Description of the task: The output must be exactly the lines from the "위와 같은 메세지는 8710" line through the end of the listing below, with no picture included.

Source data:
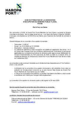Avis d’attribution des autorisations domaniales : Avis d'attribution de la convention d'occupation du domaine public fluvial n°6106Port d’Ivry sur Seine
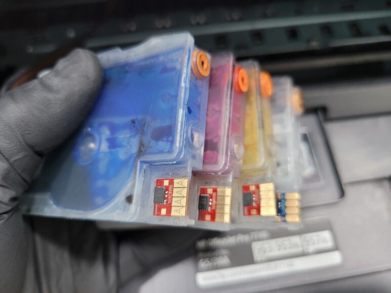 위와 같은 메세지는 8710 무한잉크를 온라인으로 구매하신 분들에서 많이 나타납니다. 카트리지를 빼보면 중국산 4칩으로 되어 있습니다. 온라인 판매제품은 낮은 가격으로 노출하기 위해 저렴한 시스템을 사용한 경우 자주 나타납니다. 카트리지 소모됨으로 초기화 작업을 하면 사용량이 별로 없어도 잦은 펌핑으로 스테이션에 잉크가 넘쳐 흐르기도 합니다. 자동 펌업데이트로 칩을 새로 교체해야 하는 경우도 자주 발생합니다.
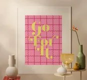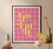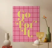 Fate una dichiarazione con questa audace e divertente citazione "Go For It". Una vivace tipografia su un moderno sfondo a scacchi.

Exercise solution:
 위와 같은 메세지는 8710 무한잉크를 온라인으로 구매하신 분들에서 많이 나타납니다. 카트리지를 빼보면 중국산 4칩으로 되어 있습니다. 온라인 판매제품은 낮은 가격으로 노출하기 위해 저렴한 시스템을 사용한 경우 자주 나타납니다. 카트리지 소모됨으로 초기화 작업을 하면 사용량이 별로 없어도 잦은 펌핑으로 스테이션에 잉크가 넘쳐 흐르기도 합니다. 자동 펌업데이트로 칩을 새로 교체해야 하는 경우도 자주 발생합니다.
 Fate una dichiarazione con questa audace e divertente citazione "Go For It". Una vivace tipografia su un moderno sfondo a scacchi.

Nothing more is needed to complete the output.